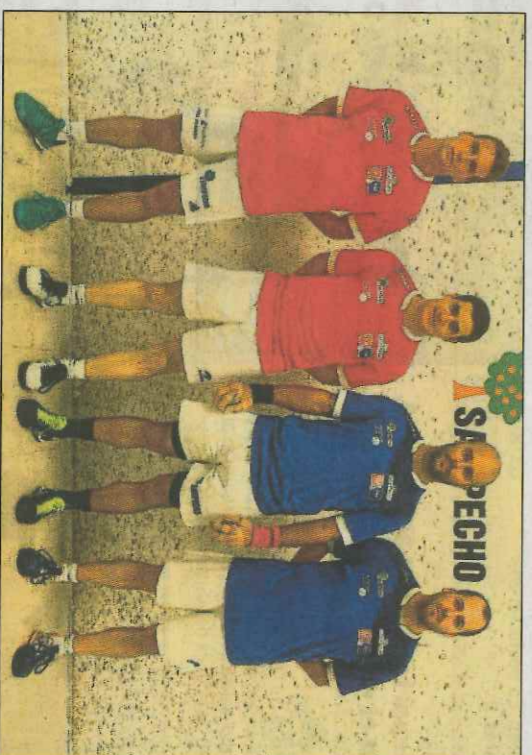
Els quatre protagonistes de la partida de raspall a Oliva.

En taquilla del trinquet, el mateix dissabte, el preu per a veure el mà a mà serà de 12 euros.
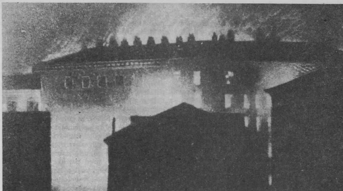
Narodni dom v plamenih, posnet v noči od 13. na 14. julij 1920.

Toda italijanskim nacionalističnim prena-petežem ni bilo za to, da bi se ugotovili krivci, in niso čakali, da bi se ustanovila komisija. Incident jim je bil zaželen ali, kakor kaže, celo sporazumno izvabljen za široko zasnovane teroristične izpade proti slovenskemu in hrvaškemu prebivalstvu na okupiranem ozemlju. Vodstvo te akcije je prevzel leto dni prej ustanovljeni tržaški fašjo s svojimi akcijskimi četami ( squadre d'azione ).

WHAT YOU SHOULD DO ->
When repeating the material above, keep every line exact and drop all pictures.

TASK OUTPUT ->
Els quatre protagonistes de la partida de raspall a Oliva.

En taquilla del trinquet, el mateix dissabte, el preu per a veure el mà a mà serà de 12 euros.
Narodni dom v plamenih, posnet v noči od 13. na 14. julij 1920.

Toda italijanskim nacionalističnim prena-petežem ni bilo za to, da bi se ugotovili krivci, in niso čakali, da bi se ustanovila komisija. Incident jim je bil zaželen ali, kakor kaže, celo sporazumno izvabljen za široko zasnovane teroristične izpade proti slovenskemu in hrvaškemu prebivalstvu na okupiranem ozemlju. Vodstvo te akcije je prevzel leto dni prej ustanovljeni tržaški fašjo s svojimi akcijskimi četami ( squadre d'azione ).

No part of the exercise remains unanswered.